2. The plastic button quick-connect connector according to claim 1, characterized in that, A guide groove is formed on the inner wall of the socket tube between the limiting ring groove and the mounting groove. The guide groove includes a horizontal section and a vertical section that are interconnected and perpendicular to each other.
3. A plastic button quick-connect connector according to claim 2, characterized in that, Two positioning protrusions are formed on the outer wall of the plug-in part. The positioning protrusions move in the guide groove. When the positioning protrusions are placed in the horizontal section, the friction block is exactly placed in the annular through hole, and the button cannot be pressed at this time. When the positioning protrusions are placed in the vertical section, the button can be pressed down.
4. A plastic button quick-connect connector according to claim 1, characterized in that, The button has a limiting base at the top, and positioning rings are provided at the bottom of the limiting base and the top of the socket tube.
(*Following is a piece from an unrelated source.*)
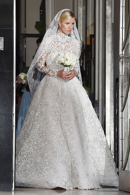 Nicky năm nay 31 tuổi, trông cô rất lộng lẫy và sang trọng trong chiếc váy cưới ren trắng của thương hiệu Valentino. Cô nàng tiết lộ rằng từ khi còn nhỏ đã ao ước được mặc váy cưới của nhà mốt đình đám này.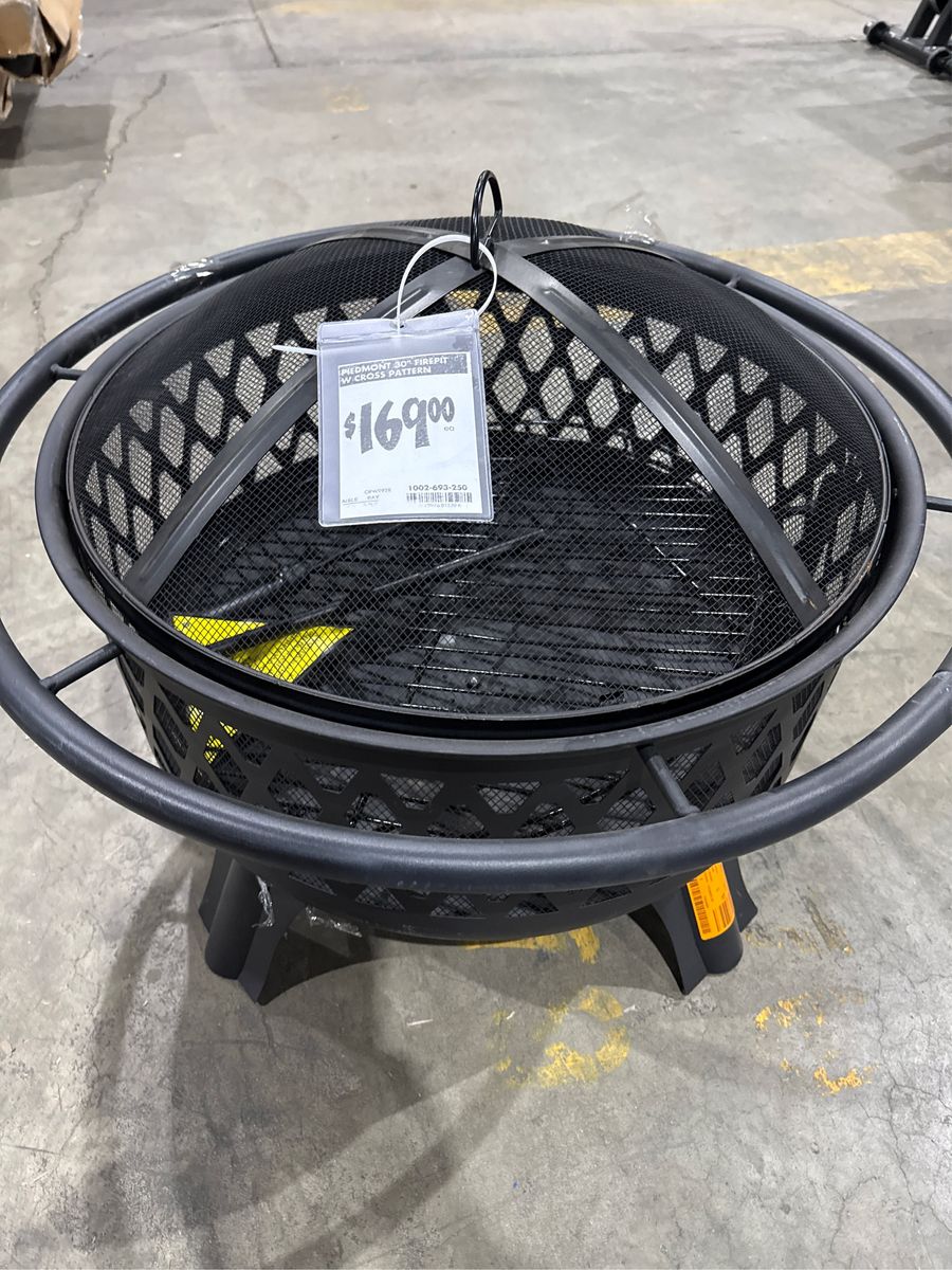 The Piedmont fire pit from Hampton Bay features a two-in-one design ideal for outdoor heating or grilling. Its unique features include a cooking grate for convenient grilling, a mesh screen for safety, and a poker. The deep bowl design offers plenty of room for firewood and a 360° view of the fire. Durable steel construction for strength and durability. 12 in. deep bowl is coated with high temperature paint for longer life. Includes rotating cooking grid for barbequing. Safety ring surrounds the pit and doubles as a handle. Mesh cover to help reduce the number of escaping sparks. Assembly Required: Yes. Color Family: Black. Color/Finish: Black. Features: 360 Fire View. Fire Pit Shape: Round. Housing Material: Steel. Outdoor Living Product Type: Fire Pit. Power/Fuel Type: Wood. Product Weight (lb.): 22 lb. Style: Classic, Cottage, Farmhouse. Assembled Depth (in.): 29.60 in. Assembled Height (in.): 23.00 in. Assembled Width (in.): 29.6 in. Bowl Depth (in.): 12.01. Bowl Length (in.): 24.41. Bowl Width (in.): 24.41.

The same spring is provided in the two positioning rings. The spring is located between the button and the socket tube. A sleeve extends radially outward from the limiting base and completely encloses the spring.
5. A plastic button quick-connect connector according to claim 1, characterized in that, A limiting surface is formed axially inside the socket tube, and the limiting surface is located below the mounting annular groove.
6. A plastic button quick-connect connector according to claim 1, characterized in that, The friction block has friction protrusions formed on its top, and the friction block is made of rubber.
7. A plastic button quick-connect connector according to claim 1, characterized in that, The button is made of POM.